Activity: Beginning with the line that holds "<사진=조윤선 페이스북> |" in the data below, give again every line through the one that holds "王朝霞期末专项卷——古诗文背", exactly as written.

Provided data START

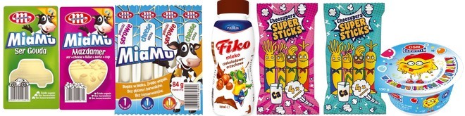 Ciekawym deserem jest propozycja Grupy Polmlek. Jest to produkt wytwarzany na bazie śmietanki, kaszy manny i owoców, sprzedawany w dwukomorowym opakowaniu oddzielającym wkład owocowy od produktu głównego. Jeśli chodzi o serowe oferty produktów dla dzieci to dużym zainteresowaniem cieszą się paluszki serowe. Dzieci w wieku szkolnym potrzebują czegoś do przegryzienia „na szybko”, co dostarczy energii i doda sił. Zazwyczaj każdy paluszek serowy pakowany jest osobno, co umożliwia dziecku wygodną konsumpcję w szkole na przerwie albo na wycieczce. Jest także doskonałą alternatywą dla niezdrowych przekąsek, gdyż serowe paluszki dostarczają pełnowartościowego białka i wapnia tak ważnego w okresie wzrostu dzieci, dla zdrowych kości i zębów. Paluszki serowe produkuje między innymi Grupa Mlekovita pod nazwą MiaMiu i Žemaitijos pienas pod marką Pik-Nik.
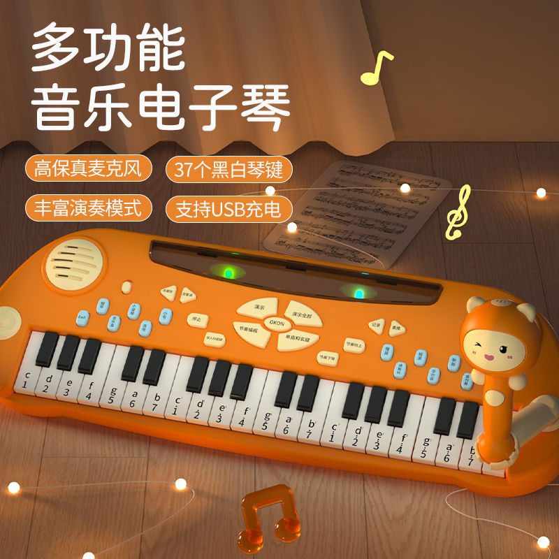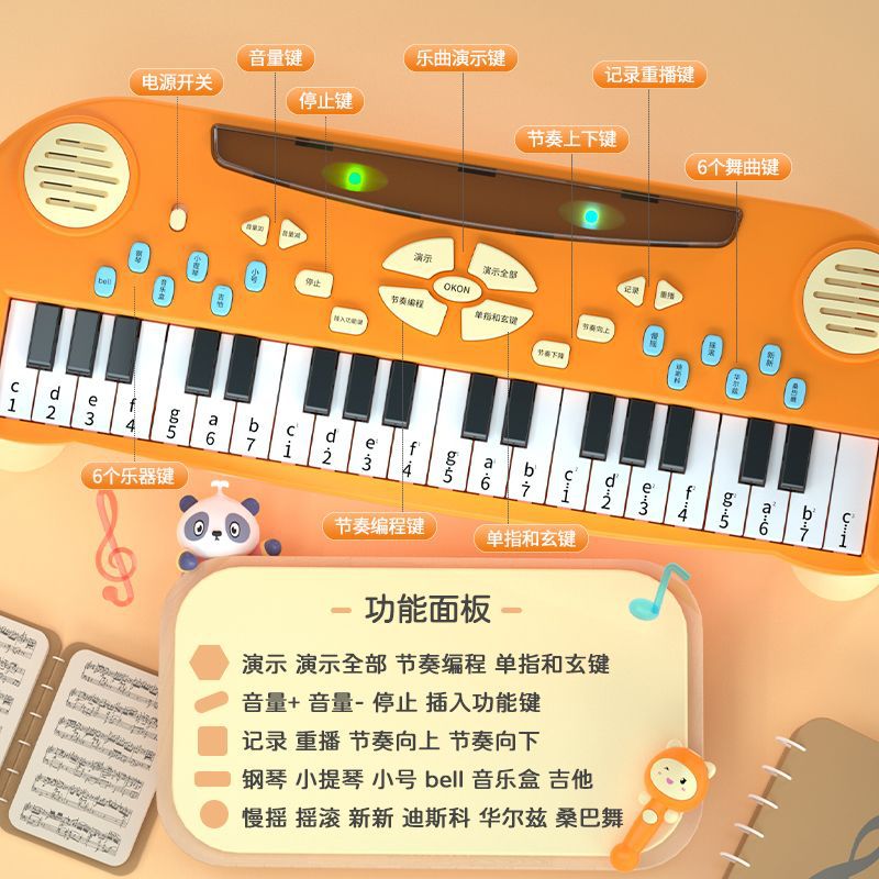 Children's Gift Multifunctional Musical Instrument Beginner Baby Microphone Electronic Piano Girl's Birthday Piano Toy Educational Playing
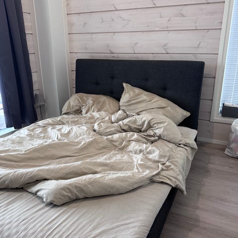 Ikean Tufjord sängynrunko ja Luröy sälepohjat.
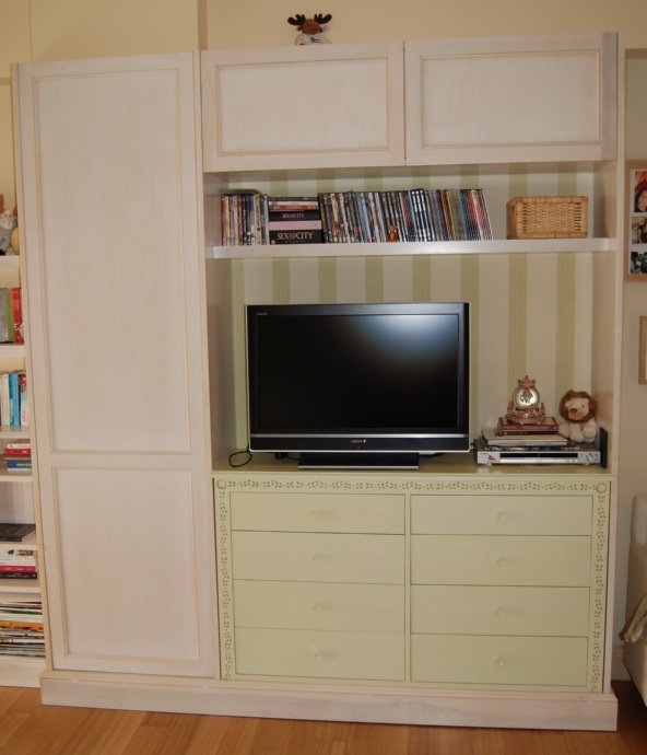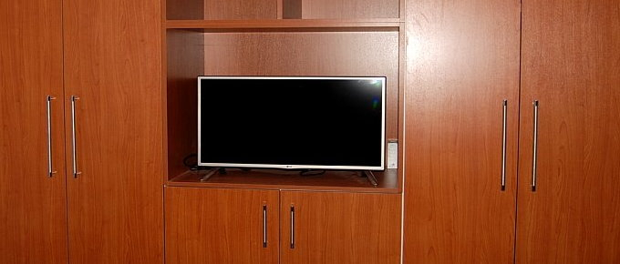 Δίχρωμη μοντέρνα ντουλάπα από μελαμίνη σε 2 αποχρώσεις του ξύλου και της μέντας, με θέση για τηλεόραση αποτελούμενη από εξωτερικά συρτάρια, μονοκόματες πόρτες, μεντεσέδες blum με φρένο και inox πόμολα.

Provided data END
Provided data START

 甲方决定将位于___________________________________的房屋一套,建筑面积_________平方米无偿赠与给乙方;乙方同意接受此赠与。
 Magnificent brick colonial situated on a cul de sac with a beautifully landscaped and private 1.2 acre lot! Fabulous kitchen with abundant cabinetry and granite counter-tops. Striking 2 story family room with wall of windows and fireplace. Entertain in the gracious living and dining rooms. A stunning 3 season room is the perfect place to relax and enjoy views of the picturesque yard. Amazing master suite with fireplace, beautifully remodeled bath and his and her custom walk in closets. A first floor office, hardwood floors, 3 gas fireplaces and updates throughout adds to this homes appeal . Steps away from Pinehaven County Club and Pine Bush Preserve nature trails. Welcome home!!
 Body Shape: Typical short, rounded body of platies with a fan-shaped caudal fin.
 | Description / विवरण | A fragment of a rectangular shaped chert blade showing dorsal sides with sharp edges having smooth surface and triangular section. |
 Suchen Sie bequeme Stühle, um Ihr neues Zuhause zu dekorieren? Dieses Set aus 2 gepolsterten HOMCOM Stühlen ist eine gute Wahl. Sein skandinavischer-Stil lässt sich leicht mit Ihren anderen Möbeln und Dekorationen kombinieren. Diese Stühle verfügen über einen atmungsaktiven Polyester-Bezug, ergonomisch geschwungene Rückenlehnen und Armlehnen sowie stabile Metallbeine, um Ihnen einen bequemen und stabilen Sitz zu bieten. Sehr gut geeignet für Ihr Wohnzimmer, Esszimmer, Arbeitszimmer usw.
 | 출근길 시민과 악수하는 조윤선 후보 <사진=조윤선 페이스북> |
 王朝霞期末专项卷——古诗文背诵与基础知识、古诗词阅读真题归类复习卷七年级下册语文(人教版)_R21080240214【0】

Provided data END

Result:
 | 출근길 시민과 악수하는 조윤선 후보 <사진=조윤선 페이스북> |
 王朝霞期末专项卷——古诗文背诵与基础知识、古诗词阅读真题归类复习卷七年级下册语文(人教版)_R21080240214【0】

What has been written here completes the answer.